Accessibility

Font Size

100% 150% 200%

Background Colour

Default Contrast
Close Reset

Archaeology Notes

Event ID 648011

Category Descriptive Accounts

Type Archaeology Notes

Permalink http://canmore.org.uk/event/648011

NB54NW 1 5368 4970

(NB 537 496) Caisteal a' Mhorair (NAT)

OS 6"map, Ross-shire, 2nd ed., (1898)

There is a dun on Caisteal a' Mhorair. This is a pinnacle of rock rising some 70ft above the sand on the S side of Traigh Geiraha.

The flat, oval summit, measuring some 60ft from ESE to WNW by about 24ft, is encircled by a wall now 4 to 6ft wide and 1 1/2ft high. The greater part, towards the NW, "is occupied by a roughly rectangular chamber 32ft long and 14ft broad, entered 11ft from the NW end by a passage in the SW flank 2ft 9ins broad and walled for a length of 14ft.
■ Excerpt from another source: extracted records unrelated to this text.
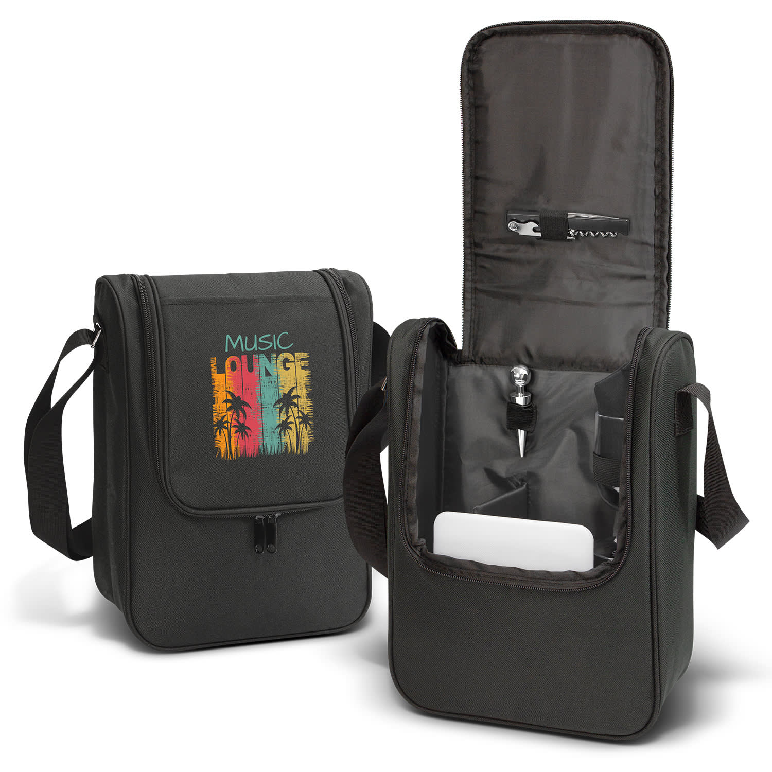 Premium picnic set which is perfect for wine and cheese connoisseurs who love the outdoors. It is manufactured from strong 600D polyester with an easy-clean lining. Bordeaux has a large zippered main compartment, an internal slip pocket, an external slip pocket and an adjustable woven shoulder strap with silver metal buckles. The picnic set includes two acrylic glasses, two black cotton napkins, a bottle opener, a wine stopper, a cheese board and room for two bottles of wine with a padded divider. Features: * Premium picnic set * Made from strong 600D polyester with an easy-clean lining * Two acrylic glasses, two black cotton napkins, a bottle opener, wine stopper, cheese board and room for two bottles of wine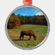 Rotes braunes Pferd, Bäume fallen, blauer Himmel Ornament Aus Metall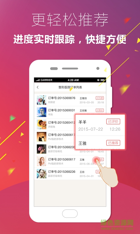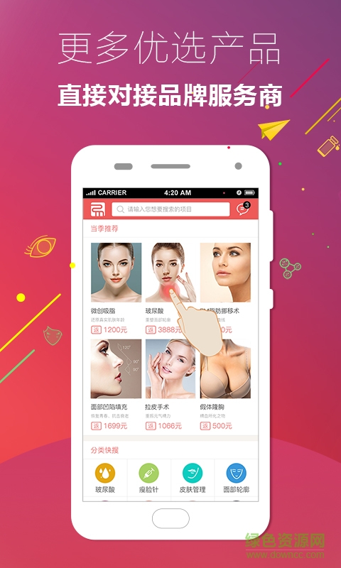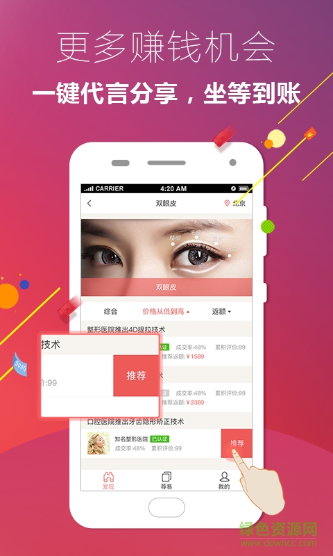 荐易app是一款医美资源共享和产品推荐平台,为你打造全方位整容塑型资讯、医疗资源推荐、美容院推荐等信息服务平台,为你提供安全而优质的整形服务。绿色资源网欢迎大家下载!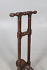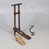 The boot jack with turned features (Length laid flat 81.5cm), together with a smaller boot jack puller and a cast iron item of interest, possibly Victorian. (3).

Access to this entrance is obtained by climbing a dangerously steep rib of rock opposite it, the cliff otherwise being unclimbable.

Opening from the SE end of the main chamber through a passage about 2ft wide and 4ft long is a smaller chamber lying transversely across the summit, 10 1/2ft long and 7ft broad. Between this latter division and the SE extremity of the summit, which contracts to a width of about 15ft, is a circular stone lined hollow 5ft in diameter and 1 1/2ft deep. A quernstone and fragments of rough hand-made pottery have been found here."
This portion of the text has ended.